What Does an Increase in the Federal Interest Rate Mean for Me?
On June 14, 2017, the Federal Reserve raised the federal interest rate for the fourth time since the 2008 financial crisis, bringing the rate up to 1.25%. The low rates of recent years were meant to stimulate the economy by encouraging consumers to buy major assets like houses and cars by lowering the cost of taking out mortgages and loans to help pay for them. The increased interest rate signals confidence in the stability of the economy by basically taking away the extra encouragement offered by lower interest.
Why is this Important?
An increase in the federal interest rate changes the way that consumers and businesses access credit. A higher federal interest rate means that financial institutions are charged more to borrow money, which is the amount that they have to pay out on things like savings accounts and share certificates (or CDs). Those extra costs get passed onto consumers in the form of higher interest rates charged for things like credit cards and loans.

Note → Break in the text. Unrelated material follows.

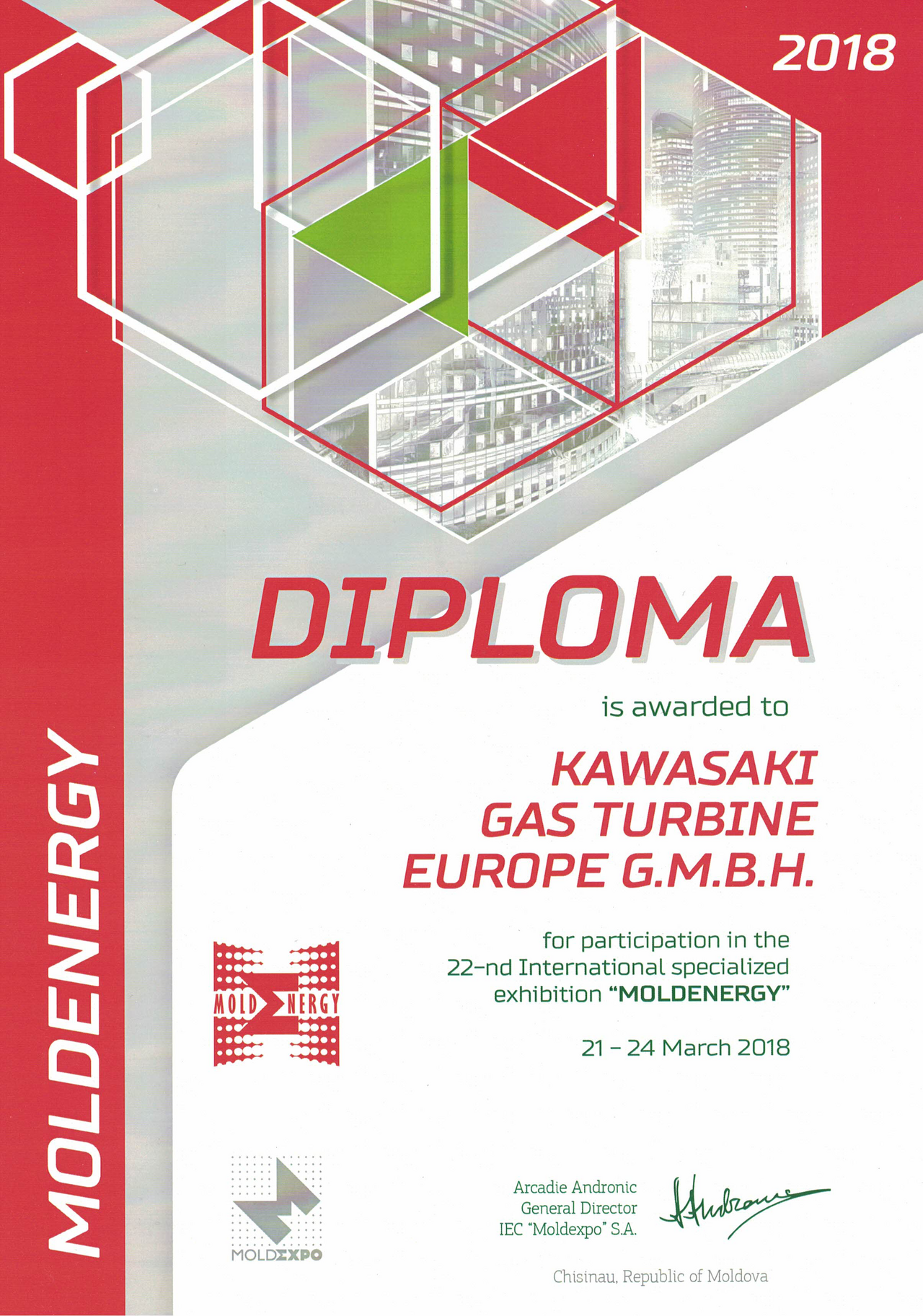 Diploma for the participation at MOLDENERGY 2018 received from MOLDEXPO

These things will increase when the Fed raises rates:
The Prime Rate:
The prime rate is the lowest short-term rate of interest that can be charged for borrowing money. However this rate is only reserved for a lucky few with near-perfect credit. But the cost to borrow money generally goes up for everybody, since all rates are based on the prime rate.
Credit Card Rates:
Creditworthiness for a person or business is based on their risk profile. The more likely you are to be able to pay back what you borrowed (with interest), the higher your credit worthiness. The higher your credit worthiness, the lower your interest rate. Since the prime rate went up, consumers have to pay more interest. This makes everybody a little less creditworthy – so all credit card rates go up, too.

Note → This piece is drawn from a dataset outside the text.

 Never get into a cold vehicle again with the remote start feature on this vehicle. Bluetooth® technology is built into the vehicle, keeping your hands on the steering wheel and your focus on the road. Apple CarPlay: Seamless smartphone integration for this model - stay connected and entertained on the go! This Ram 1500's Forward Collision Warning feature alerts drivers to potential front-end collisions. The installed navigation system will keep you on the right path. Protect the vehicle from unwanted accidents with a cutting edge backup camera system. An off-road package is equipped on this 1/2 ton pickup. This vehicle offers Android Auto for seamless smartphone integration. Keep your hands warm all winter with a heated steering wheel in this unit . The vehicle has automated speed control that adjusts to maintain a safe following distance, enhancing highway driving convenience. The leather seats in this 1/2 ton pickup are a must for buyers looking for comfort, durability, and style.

Money market and share certificates (and CDs) also have interest rates, which is then paid to consumers. Those rates also rise if the prime rate increases. In theory, this means that consumers will have more money to spend. But the higher interest rates on loans and mortgages might encourage people to pay off their debt rather than spend money in the economy.
S. National Debt:
The national debt is the amount of money that the federal government owes. With higher interest rates, the government now has to repay more money in order to borrow money. The increased borrowing raises the national debt.
Private Student Loan Rates:
Private student loans are usually adjustable-rate loans, meaning that the rate of interest changes with the changing Federal interest rate.